Christoph's Maypacius nursery-web spider

Scientific classification
- Kingdom: Animalia
- Phylum: Arthropoda
- Subphylum: Chelicerata
- Class: Arachnida
- Order: Araneae
- Infraorder: Araneomorphae
- Family: Pisauridae
- Genus: Maypacius
- Species: M. christophei
- Binomial name: Maypacius christophei Blandin, 1975

= Maypacius christophei =

- Authority: Blandin, 1975

Species of spider

Maypacius christophei is a spider species in the family Pisauridae. The species is commonly known as Christoph's Maypacius nursery-web spider.

==Distribution==
Maypacius christophei has been recorded from the Democratic Republic of the Congo and South Africa. In South Africa, the species is known only from Gauteng.

==Habitat and ecology==
The species makes sheet-webs in vegetation and is active at night.
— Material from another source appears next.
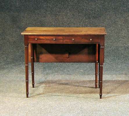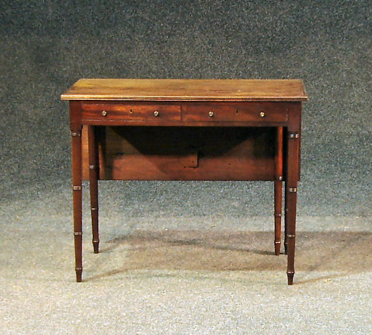 the moulded rectangular top over two frieze drawers, on ring turned tapering legs

It has been sampled from the Savanna biome at 1,247 m.

==Conservation==
Maypacius christophei is listed as Least Concern. Although the species is presently known only from females, it has a wide geographical range in Africa. There are no significant threats to the species, but more sampling is needed to confirm the species range in South Africa.

==Taxonomy==
The species was described by the French arachnologist Patrick Blandin in 1975 from a female specimen found in the Democratic Republic of the Congo. As of 2025, the male of the species remains undescribed.